This connection is achieved using the Flatten operation.
# 21.b.9 Flatten the tensor for the fully connected layer
x = torch.flatten(x, 1)
The Flatten function is super simple. It flattens the tensor, taking a matrix and converting it into a one-dimensional object.
It’s like transforming the data into a simple table, which I can now feed into a fully connected neural network model, where the layers are linear layers — exactly the fully connected (FC) layers.
So, I take the result from the Flatten operation and pass it through the first fully connected layer.
# 21.b.10 Apply the first fully connected layer
x = self.fc1(x)
If I keep using only fully connected (FC) layers, the same problem that occurred with convolution will happen. At some point, the results of the mathematical operations would become very large.

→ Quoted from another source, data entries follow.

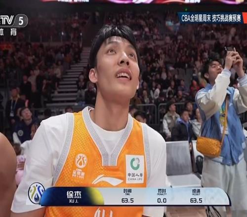 第2位出场的是卫冕冠军徐杰,他在开局阶段表现尚可,随后在底角三分连续三分命中,但节奏偏慢,导致最终用时63.5秒。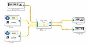 W celu realizacji aplikacji w obszar roboczy przeciągamy wejścia, GPIO, bloki generatora i wyjścia. Łączymy i konfigurujemy je zgodnie ze schematem z rysunku 4.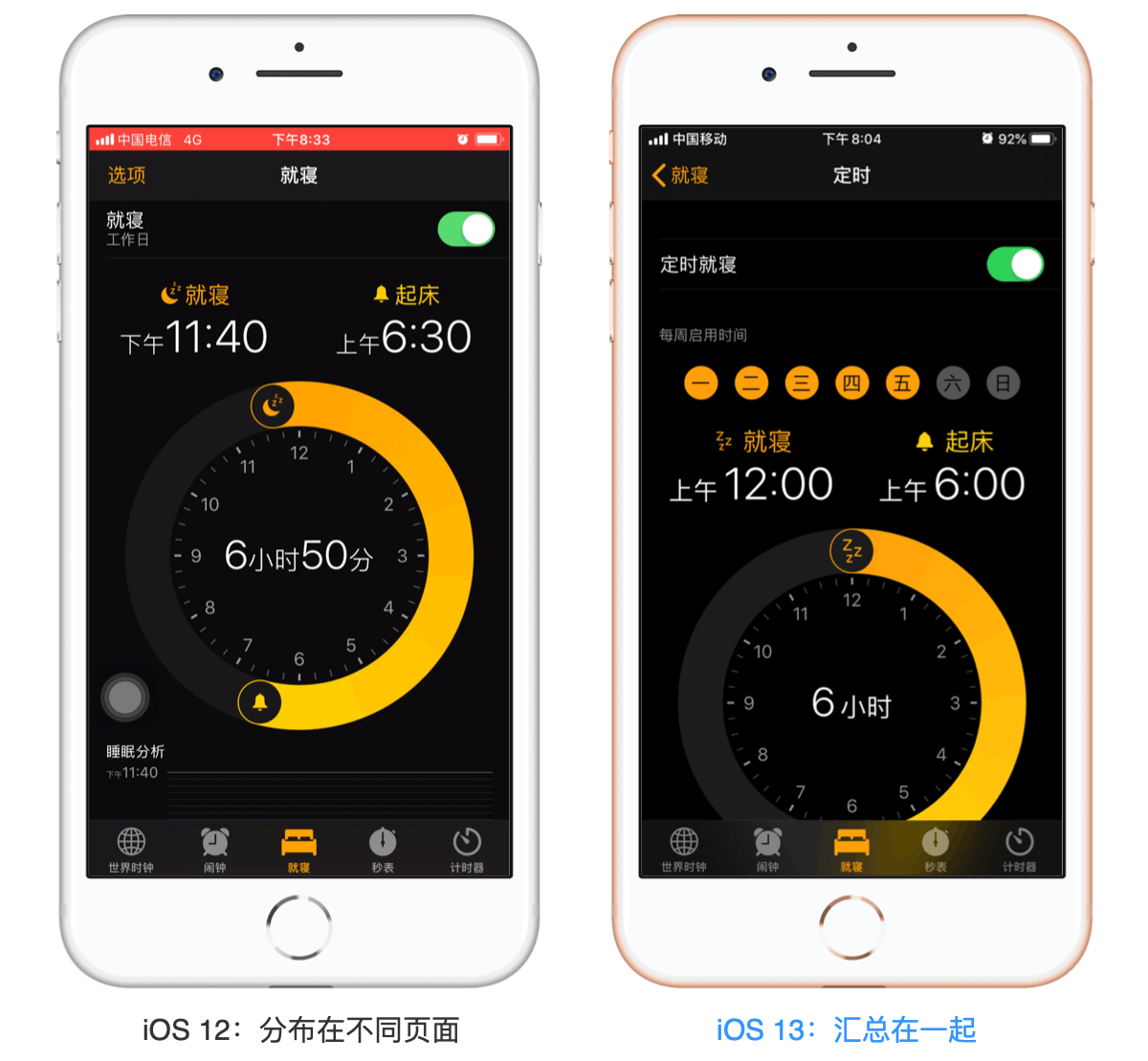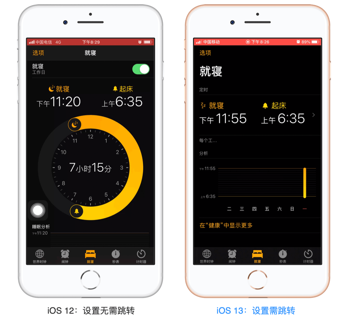 在我个人看来,就寝的初始页面,应该和闹钟一样,主要用于查看信息,而不是编辑信息。

So, I’ll use ReLU again. However, when doing this, the model might learn too much, leading to overfitting. To address this, I’ll apply Dropout.
Why don’t I need Max Pooling? Because I no longer have a matrix — I now have a vector. Max Pooling doesn’t apply in this case.
Thus, I take the fully connected layer, pass it through the ReLU activation, and then apply another Dropout layer to prevent overfitting.
# 21.b.10 Apply the first fully connected layer
x = self.fc1(x)
# 21.b.11 Apply the ReLU activation function
x = F.relu(x)
# 21.b.12 Apply the second dropout layer
x = self.dropout2(x)
I continue this process with each fully connected layer, followed by ReLU, until I reach the final layer, which is the Softmax.
# 21.b.18 Return the softmax output along dimension 1 (commonly used for classification)
return F.log_softmax(x, dim=1)
The Softmax layer is responsible for delivering the classification.
It outputs probabilities, meaning that with everything the model has learned so far, for a given image, I’ll have the probability of each class associated with that image.
You’re probably familiar with probabilities, but I’ll explain them anyway.
According to probability theory, a probability is a value between 0 and 1. There’s no such thing as a negative probability, nor a probability greater than 1.
You can multiply it by 100 to express it as a percentage, ranging from 0% to 100%.
The output of our neural network will indeed be interpreted as probabilities. This means we’ll have values for each class, summing up to 100%.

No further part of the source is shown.